• DATASET CONTENT:
((
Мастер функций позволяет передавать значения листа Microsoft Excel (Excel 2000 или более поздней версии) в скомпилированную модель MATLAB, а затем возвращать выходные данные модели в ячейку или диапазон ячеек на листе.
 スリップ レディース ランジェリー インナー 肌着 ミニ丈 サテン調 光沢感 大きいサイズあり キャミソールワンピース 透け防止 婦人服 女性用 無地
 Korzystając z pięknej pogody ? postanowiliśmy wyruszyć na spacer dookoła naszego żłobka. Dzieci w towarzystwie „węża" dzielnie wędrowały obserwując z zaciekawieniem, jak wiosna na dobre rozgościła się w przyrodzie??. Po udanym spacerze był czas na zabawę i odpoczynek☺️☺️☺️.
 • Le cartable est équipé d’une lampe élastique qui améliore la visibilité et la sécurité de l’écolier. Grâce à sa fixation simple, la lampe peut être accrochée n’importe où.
))
((
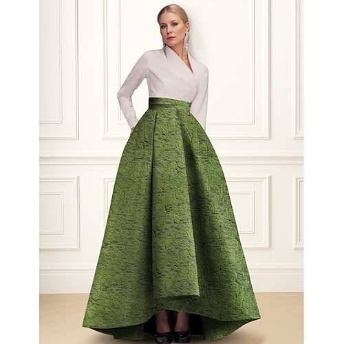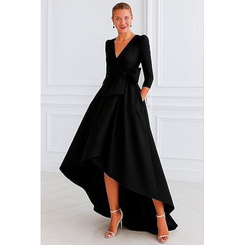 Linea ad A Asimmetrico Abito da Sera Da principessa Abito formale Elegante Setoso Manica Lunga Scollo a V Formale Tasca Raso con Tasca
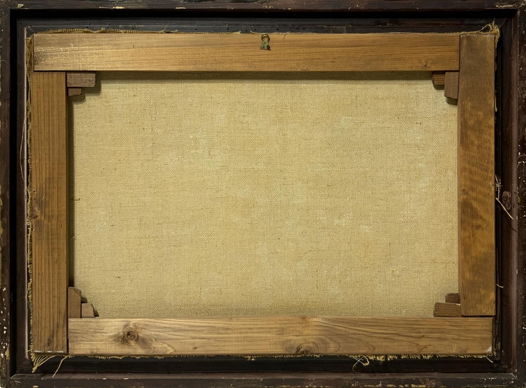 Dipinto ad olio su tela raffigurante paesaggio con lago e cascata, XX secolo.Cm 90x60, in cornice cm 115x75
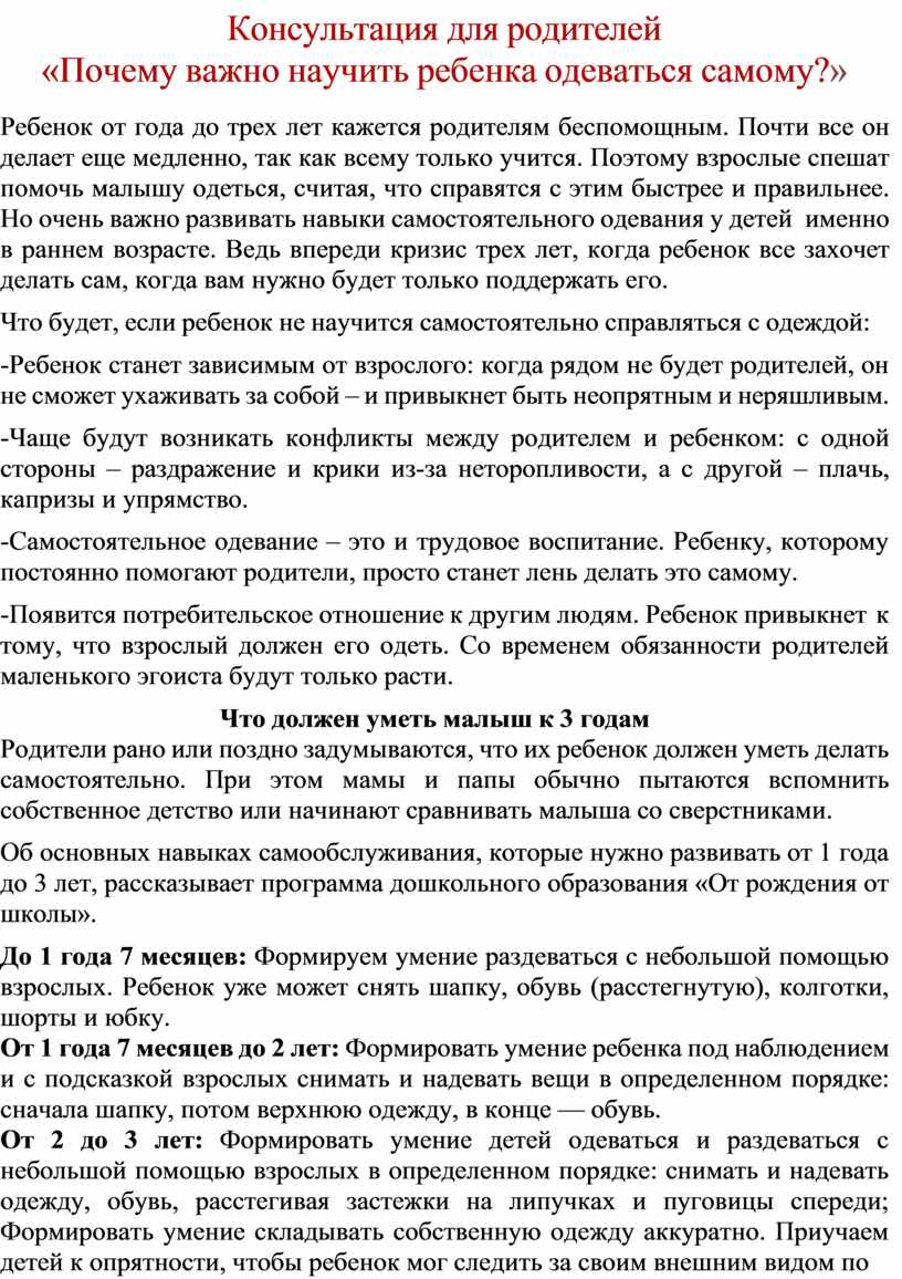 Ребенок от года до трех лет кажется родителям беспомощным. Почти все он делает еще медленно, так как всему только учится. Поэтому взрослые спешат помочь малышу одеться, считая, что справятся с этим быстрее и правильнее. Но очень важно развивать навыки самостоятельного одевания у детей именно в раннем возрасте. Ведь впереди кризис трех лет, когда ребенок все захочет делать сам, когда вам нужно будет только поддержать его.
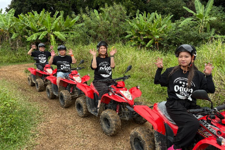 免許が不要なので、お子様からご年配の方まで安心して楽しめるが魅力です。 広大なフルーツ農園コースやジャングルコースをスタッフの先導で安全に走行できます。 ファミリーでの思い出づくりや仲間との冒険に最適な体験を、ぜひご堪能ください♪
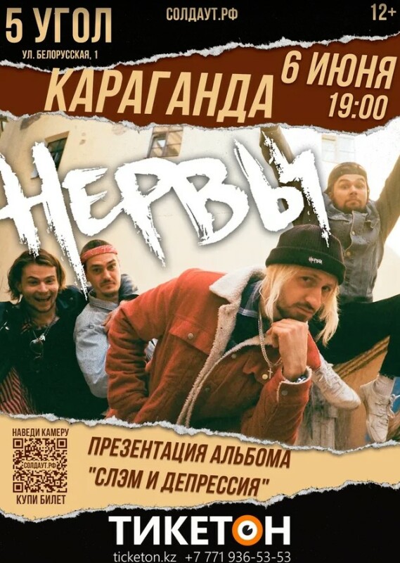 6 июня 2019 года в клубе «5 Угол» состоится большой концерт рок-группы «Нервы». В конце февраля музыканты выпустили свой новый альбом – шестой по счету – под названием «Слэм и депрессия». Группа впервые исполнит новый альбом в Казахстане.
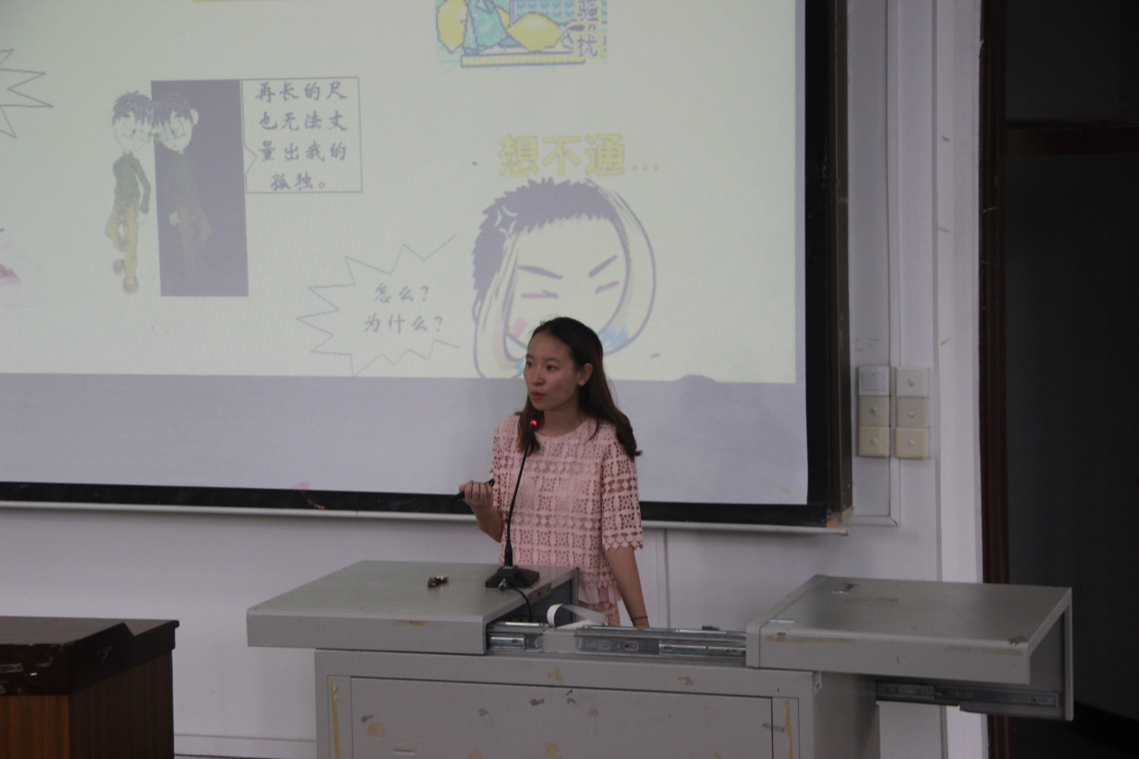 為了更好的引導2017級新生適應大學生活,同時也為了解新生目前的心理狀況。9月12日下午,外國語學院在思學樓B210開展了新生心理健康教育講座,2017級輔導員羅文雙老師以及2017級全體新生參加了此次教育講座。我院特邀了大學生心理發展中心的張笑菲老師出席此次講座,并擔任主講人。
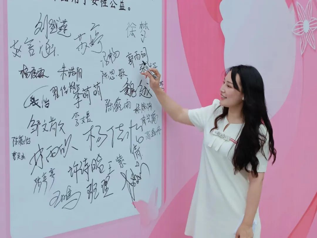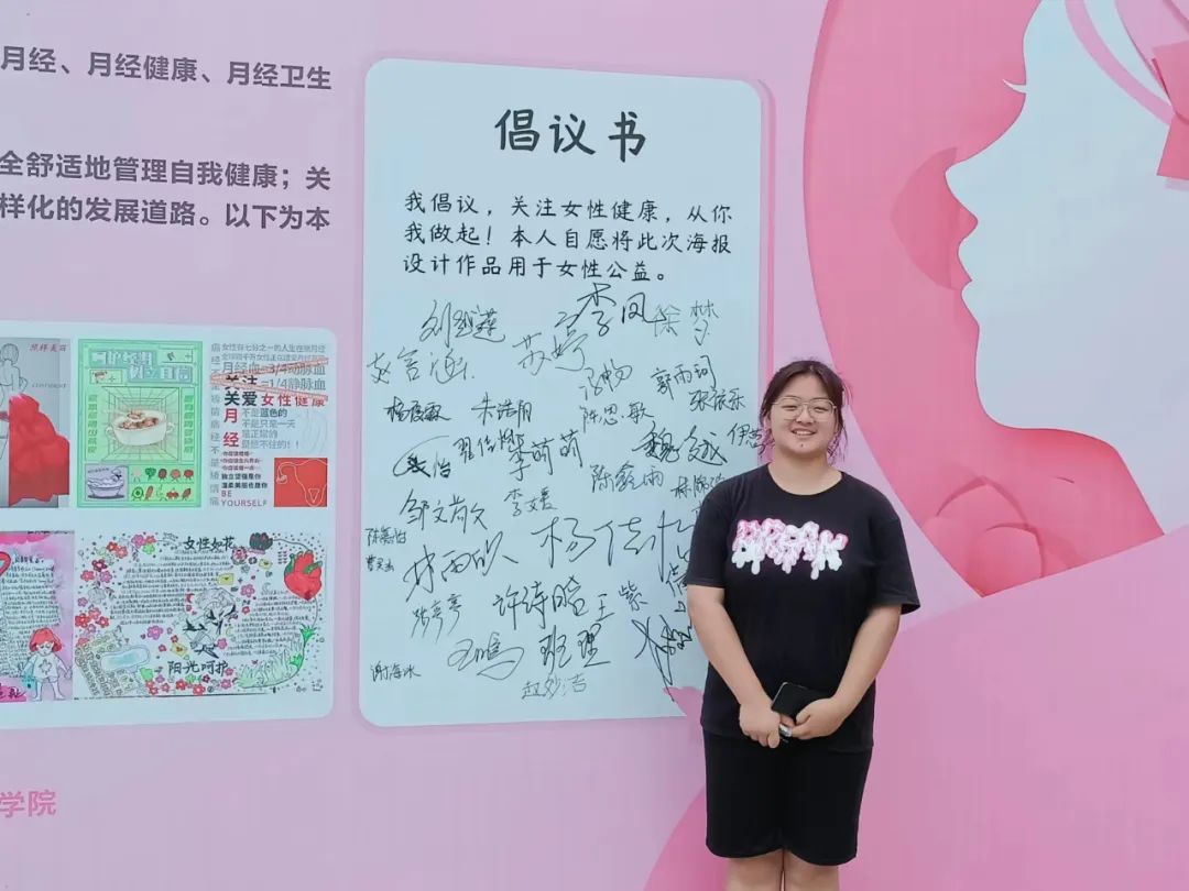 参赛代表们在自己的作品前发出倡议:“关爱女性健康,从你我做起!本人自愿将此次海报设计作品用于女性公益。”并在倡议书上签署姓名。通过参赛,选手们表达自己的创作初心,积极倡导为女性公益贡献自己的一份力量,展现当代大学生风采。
))
((
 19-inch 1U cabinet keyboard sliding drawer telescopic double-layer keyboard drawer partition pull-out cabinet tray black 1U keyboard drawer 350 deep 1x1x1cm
))
• INSTRUCTIONS FOR THE TASK: Exact copy, pictures excluded: every line above from the one containing "6 июня 2019" to the one containing "参赛代表们在自己的作品前发出", inclusive, and nothing more.

• TASK SOLUTION:
 6 июня 2019 года в клубе «5 Угол» состоится большой концерт рок-группы «Нервы». В конце февраля музыканты выпустили свой новый альбом – шестой по счету – под названием «Слэм и депрессия». Группа впервые исполнит новый альбом в Казахстане.
 為了更好的引導2017級新生適應大學生活,同時也為了解新生目前的心理狀況。9月12日下午,外國語學院在思學樓B210開展了新生心理健康教育講座,2017級輔導員羅文雙老師以及2017級全體新生參加了此次教育講座。我院特邀了大學生心理發展中心的張笑菲老師出席此次講座,并擔任主講人。
 参赛代表们在自己的作品前发出倡议:“关爱女性健康,从你我做起!本人自愿将此次海报设计作品用于女性公益。”并在倡议书上签署姓名。通过参赛,选手们表达自己的创作初心,积极倡导为女性公益贡献自己的一份力量,展现当代大学生风采。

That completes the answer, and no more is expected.